What the task asks: Look in the data below for the line that has "Gonna IMPERIAL lunga", then print exactly every line from there through the line that has "Die Entwicklung des", leaving pictures out.

Information shown:

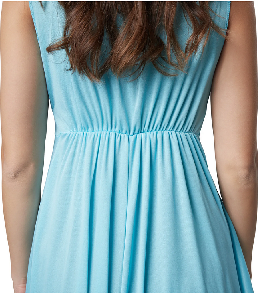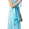 L’abito senza maniche è realizzato in un tessuto azzurro delicatamente scintillante che si adatta splendidamente a ogni movimento, creando una silhouette aggraziata. La profonda scollatura a V accentua delicatamente il décolleté e conferisce all’abito un tocco femminile ed elegante. Grazie al materiale leggero e arioso, il costume è eccezionalmente comodo da indossare, perfetto per lunghe serate all’insegna del ballo, dei festeggiamenti e del glamour.
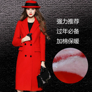歐美大牌女裝秋冬季新款高端定制加厚修身呢料大衣女紅色風衣外套 /
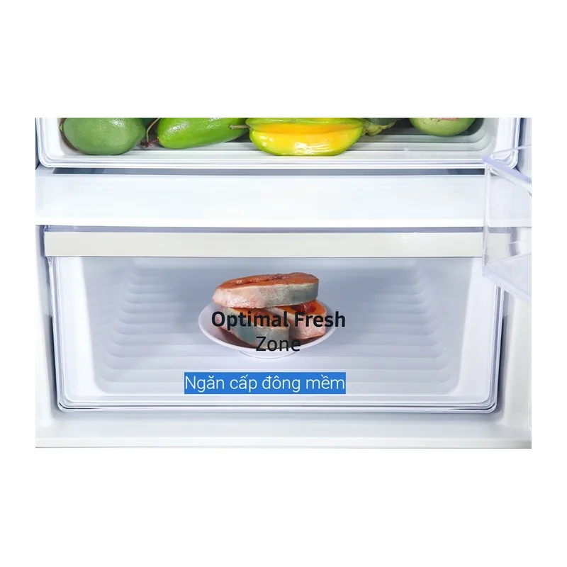 Ngăn mát được trang bị các kệ chứa linh hoạt, có thể điều chỉnh độ cao để phù hợp với các loại thực phẩm kích thước khác nhau. Ngăn rau củ lớn với công nghệ giữ ẩm giúp rau củ luôn tươi ngon, giữ nguyên hương vị và dinh dưỡng. Các kệ cửa rộng rãi cho phép bảo quản chai lọ, đồ uống một cách tiện lợi.
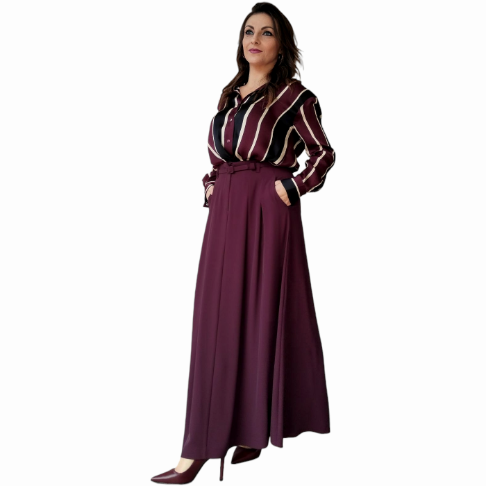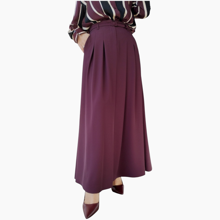 Gonna IMPERIAL lunga plissettata con cintura (M - Prugna)
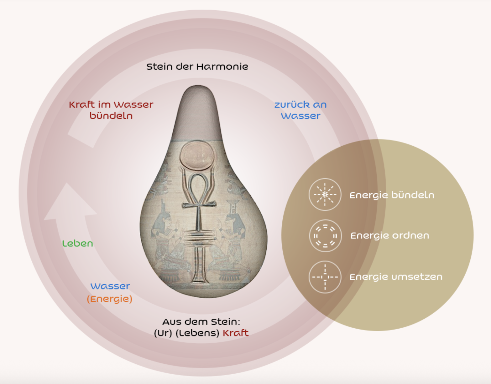 Die Entwicklung des Steins basiert auf langjähriger Forschung zu Wirbelfeldern, Schwingungen und fließendem Wasser. Während der Herstellung wird der Stein über Monate hinweg pulsierendem Wasser ausgesetzt, wodurch sich seine innere Struktur neu ordnet. So entsteht ein Resonanzkörper, der mit dem menschlichen Energiefeld in Einklang treten kann.
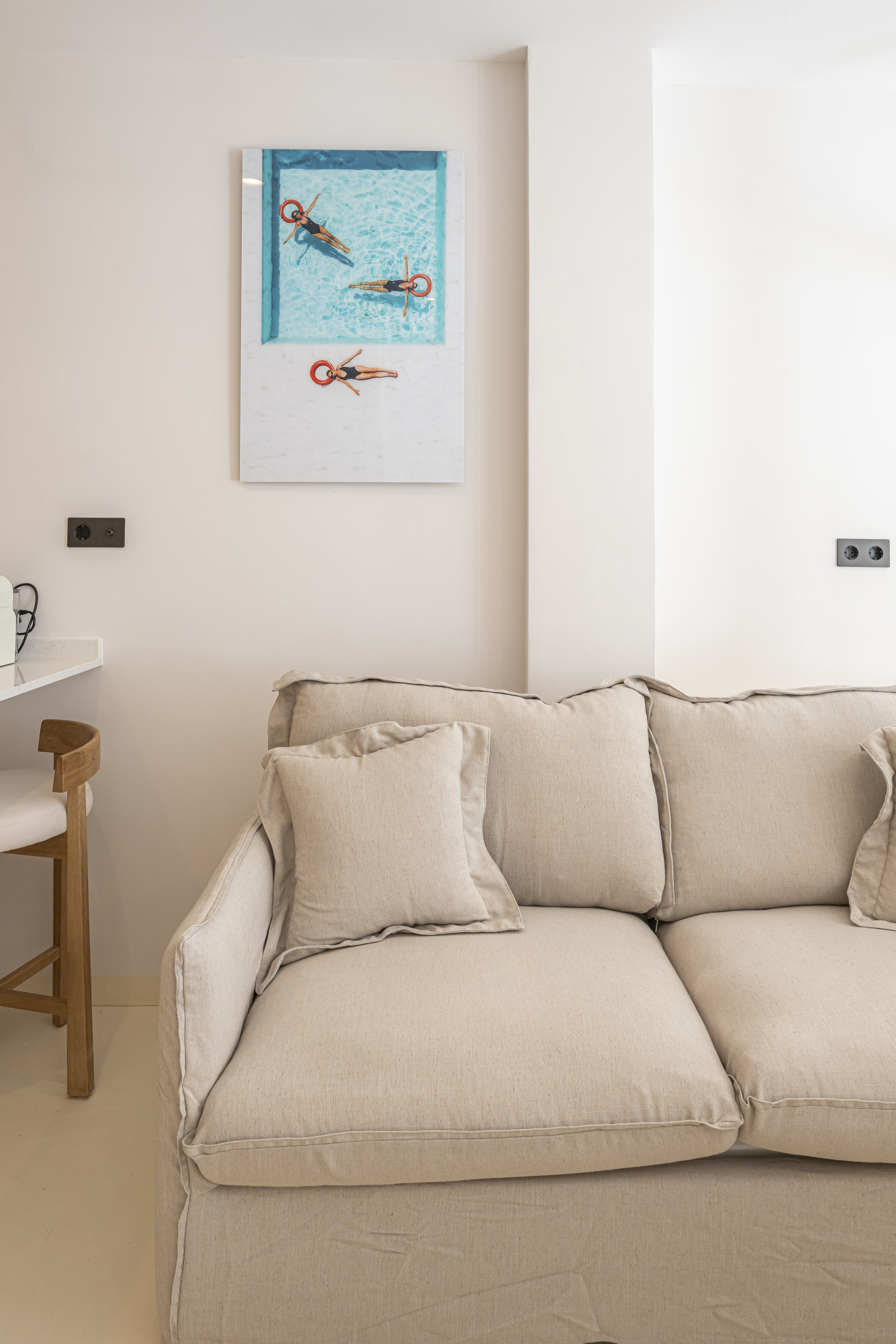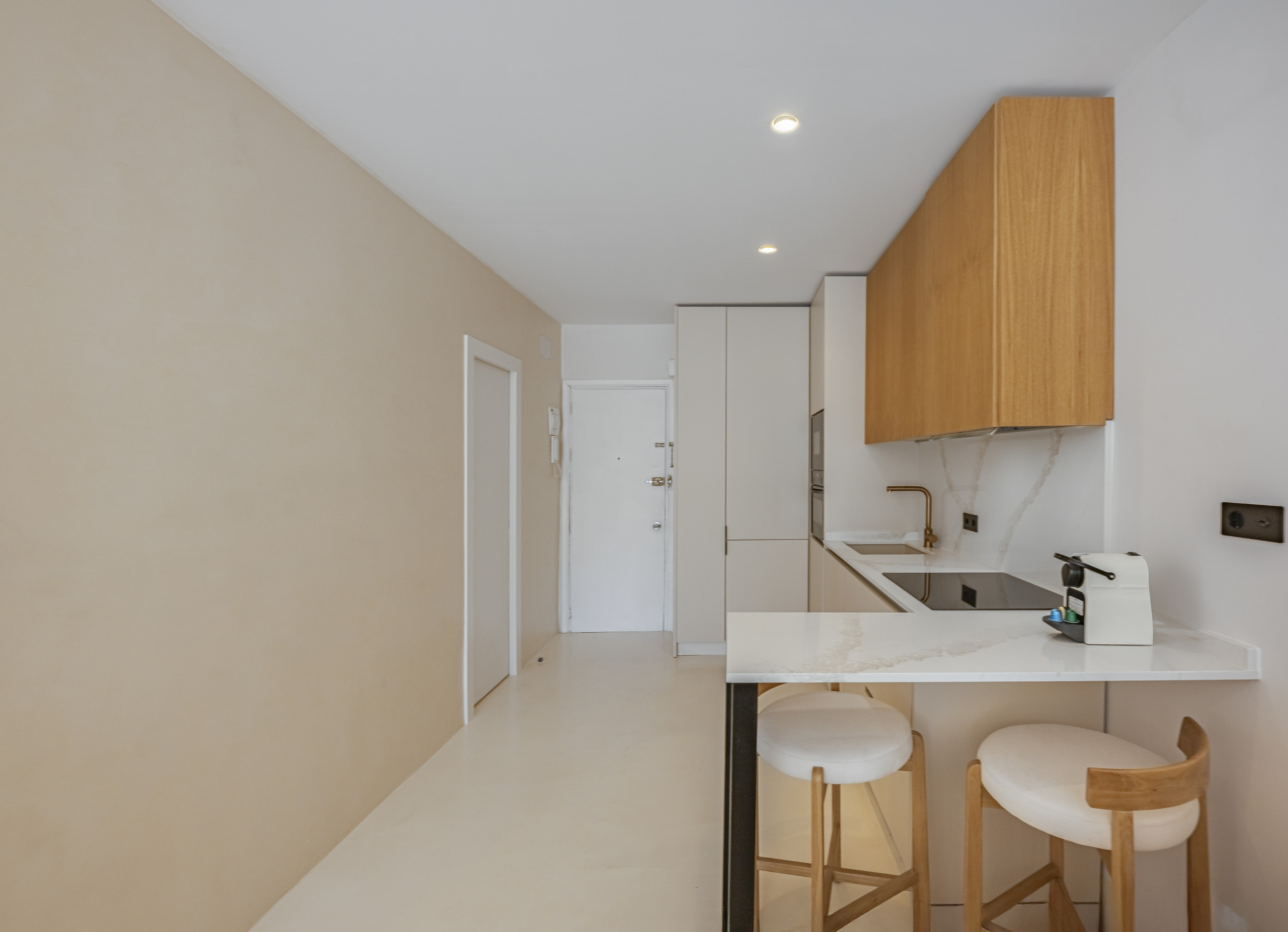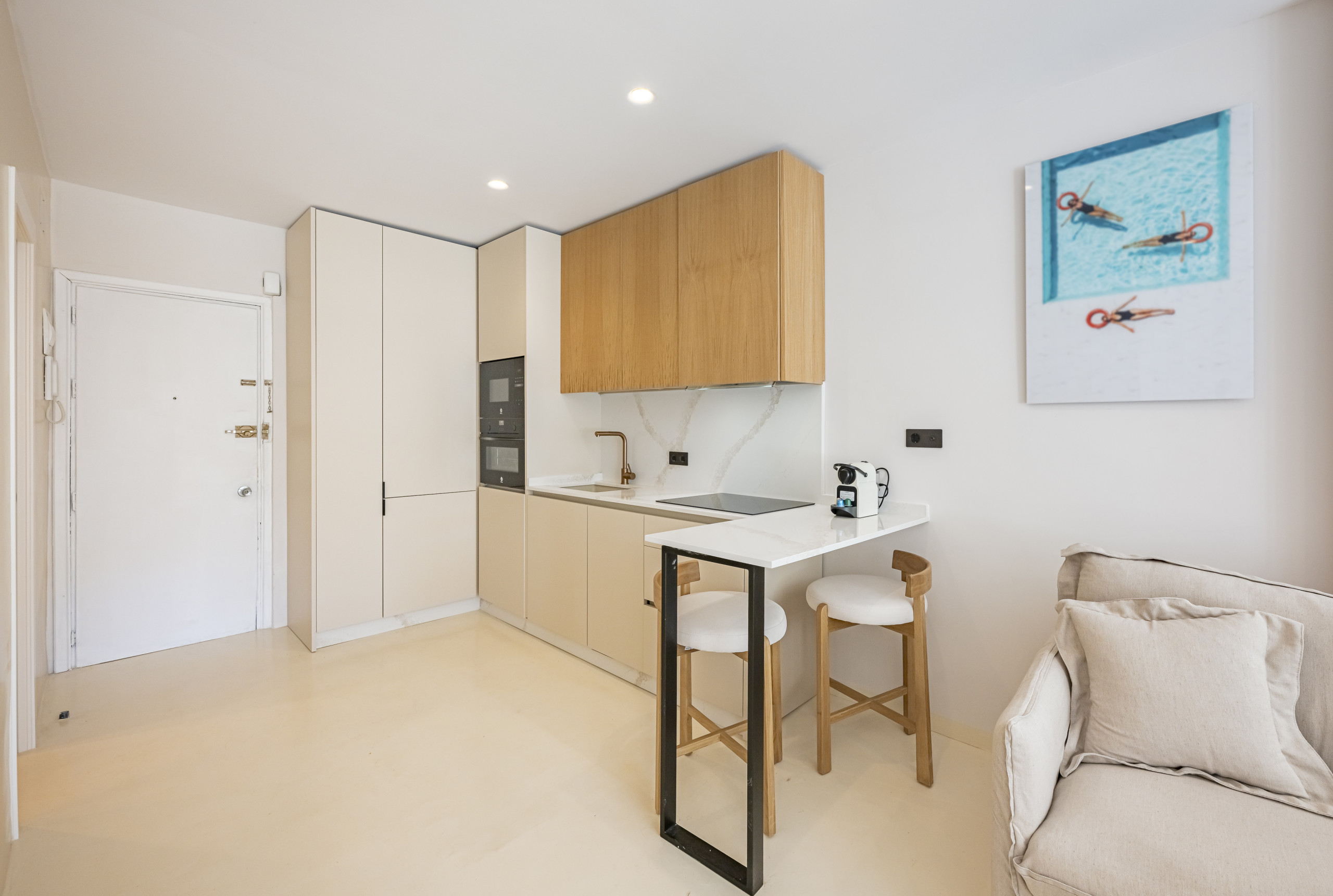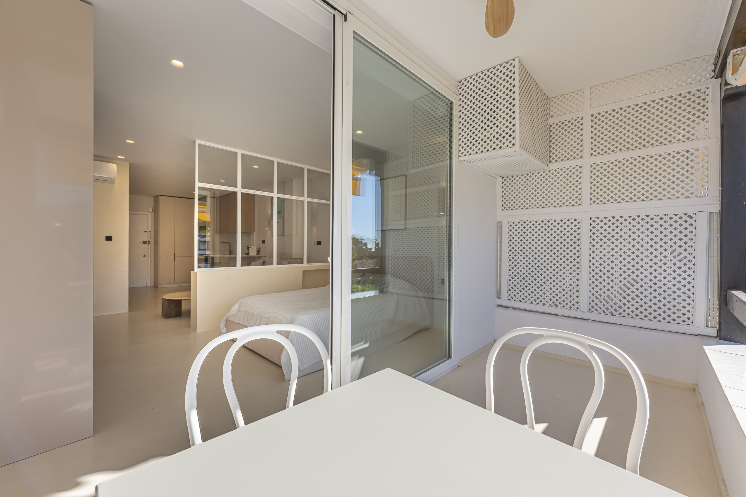 A flirtatious studio in Nueva Andalucía (Aries Street) is the perfect refuge for families, combining a modern open-concept design with exceptional warmth. With capacity for 4 people, the space stands out for its luminosity and Nordic and Mediterranean aesthetic, with finishes in cream tones and wood that invite relaxation.
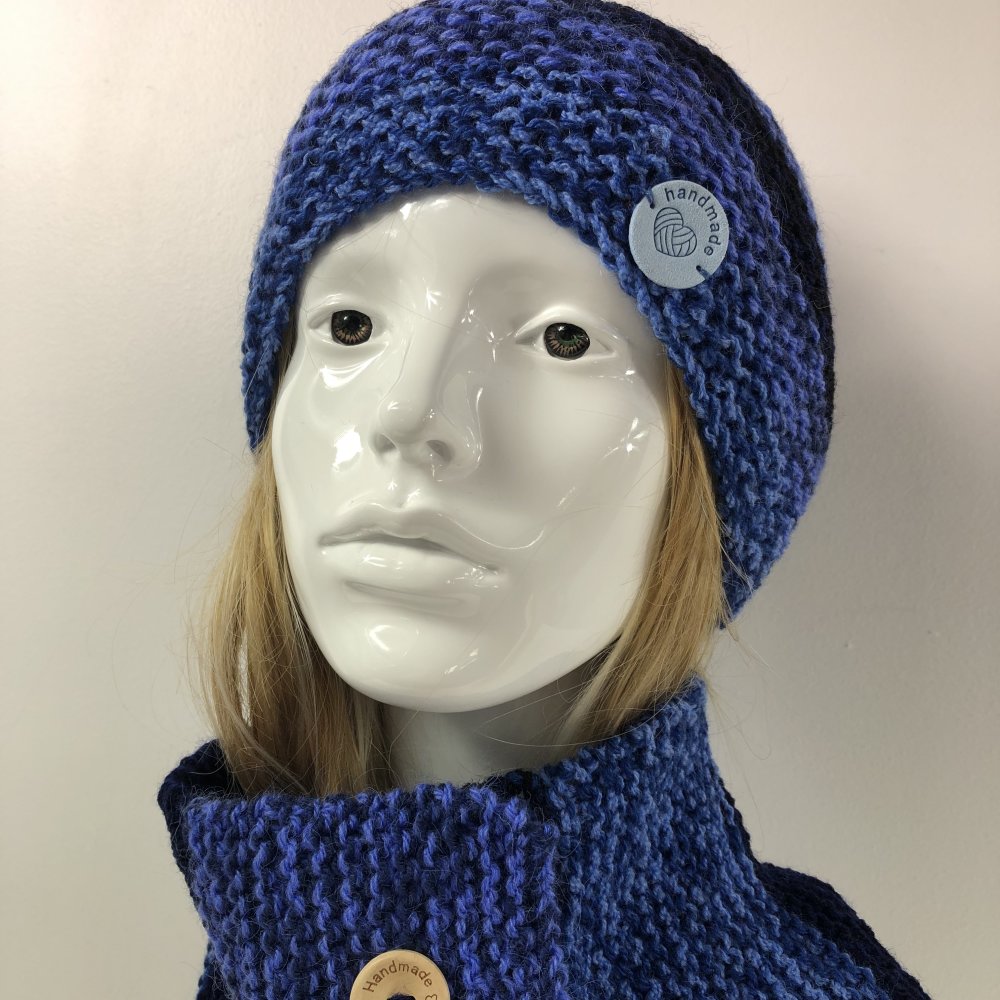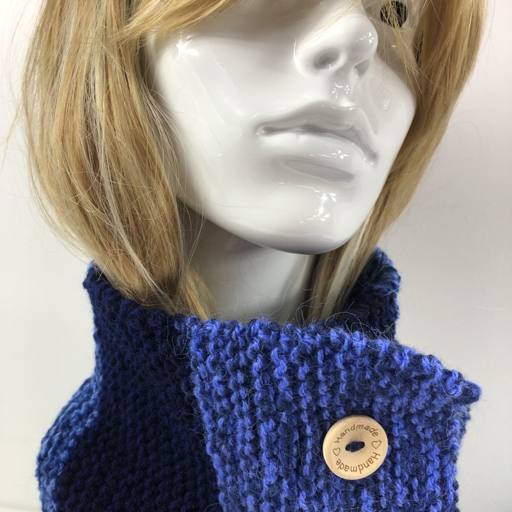 Snood Laine Tricoté Main Réf 7922 Largeur 19cm Taille Unique Qualité Acrylique/Laine Couleur Chiné Bleu/Marine Modèle Unique
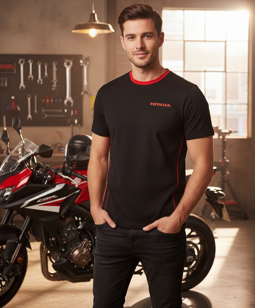Kolekce Paddock 2020 je základní řadou všech příznivců značky Honda. Triko v černé barvě má na hrudi logo Honda a všechny detaily má v červené barvě, které vylepšují vzhled a styl oděvu.
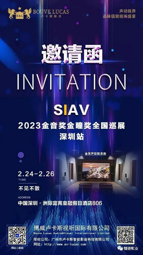 2023 SIAV“金音獎金瞳獎全國巡展-深圳站”即將開啟,雄云實業(yè)攜旗下雄云視聽設(shè)備有限公司和廣州市盧卡斯智能影音科技有限公司將于深圳與大家見面。
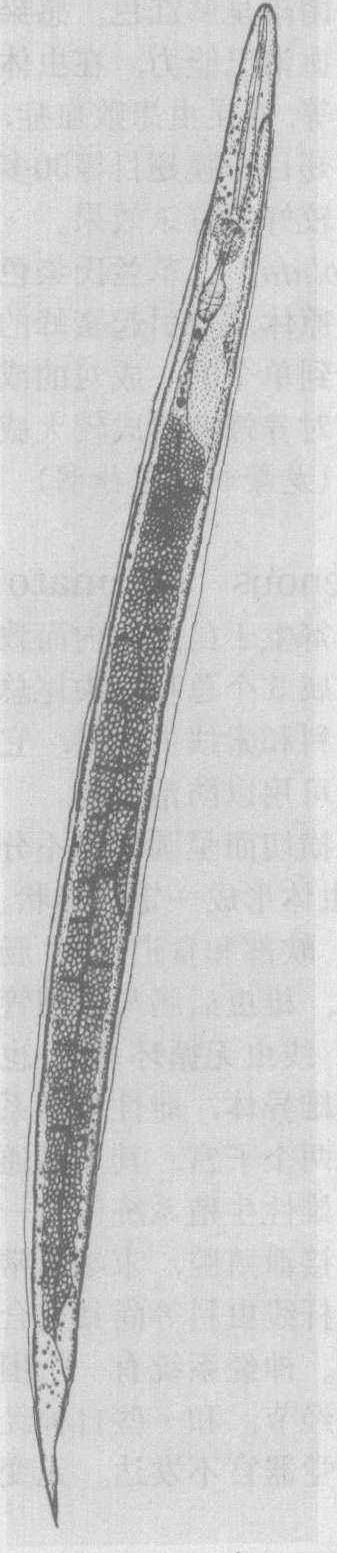 研究利用 研究和用于防治害虫最早和最多的昆虫病原线虫是索线虫总科的索线虫科,以及小杆总科的斯氏线虫科(原称新线虫科)和异小杆线虫科。 索线虫科的种类常见于蚊幼虫、蝗虫、甲虫和飞虱等体内。美国、加拿大、苏联等国用致乏库蚊为大量繁殖寄主,尚难大面积应用。中国湖北、广东等省从20世纪70年代开始用两索线虫属和六索线虫属防治稻飞虱和粘虫的研究。 斯氏线虫科和异小杆线虫科从50年代末以来,一直是研究重点。其优点是: 寄生效果好、杀死寄主较快、寄主范围广、使用安全,而且人工大量繁殖技术已经解决,被人认为是比索线虫更有前途的生物防治类群。早在1930年,美国新泽西州的两个农场就曾试用斯氏线虫科的格氏线虫以防治日本金龟甲获得成功。美国达特奇(S.R.Dutky,) 于1954年从苹果蠹蛾上分离到一种苹果蠹蛾线虫(见图),已以商品名“DD-136”在全世界推广使用。它的寄主已知近250种,包括鳞翅目、双翅目、鞘翅目、膜翅目、等翅目、直翅目和半翅目。苏联用DD-136 防治土壤中的马铃薯甲虫。中国从1978年起陆续从捷克斯洛伐克、美国、澳大利亚等国引进多种斯氏线虫(包括DD-136)和异小杆线虫及其品系,在北京、广东、湖北等省市做室内外试验,防治桃小食心虫、棉红铃虫、菜青虫、茶尺蠖、稻纵卷叶螟、三化螟、大螟、甘蔗条螟、甘蔗黄螟、甘蔗二点螟、粘虫、玉米螟、蔗金龟、黑翅土白蚁等,均有良好效果。 |

Response below:
 Gonna IMPERIAL lunga plissettata con cintura (M - Prugna)
 Die Entwicklung des Steins basiert auf langjähriger Forschung zu Wirbelfeldern, Schwingungen und fließendem Wasser. Während der Herstellung wird der Stein über Monate hinweg pulsierendem Wasser ausgesetzt, wodurch sich seine innere Struktur neu ordnet. So entsteht ein Resonanzkörper, der mit dem menschlichen Energiefeld in Einklang treten kann.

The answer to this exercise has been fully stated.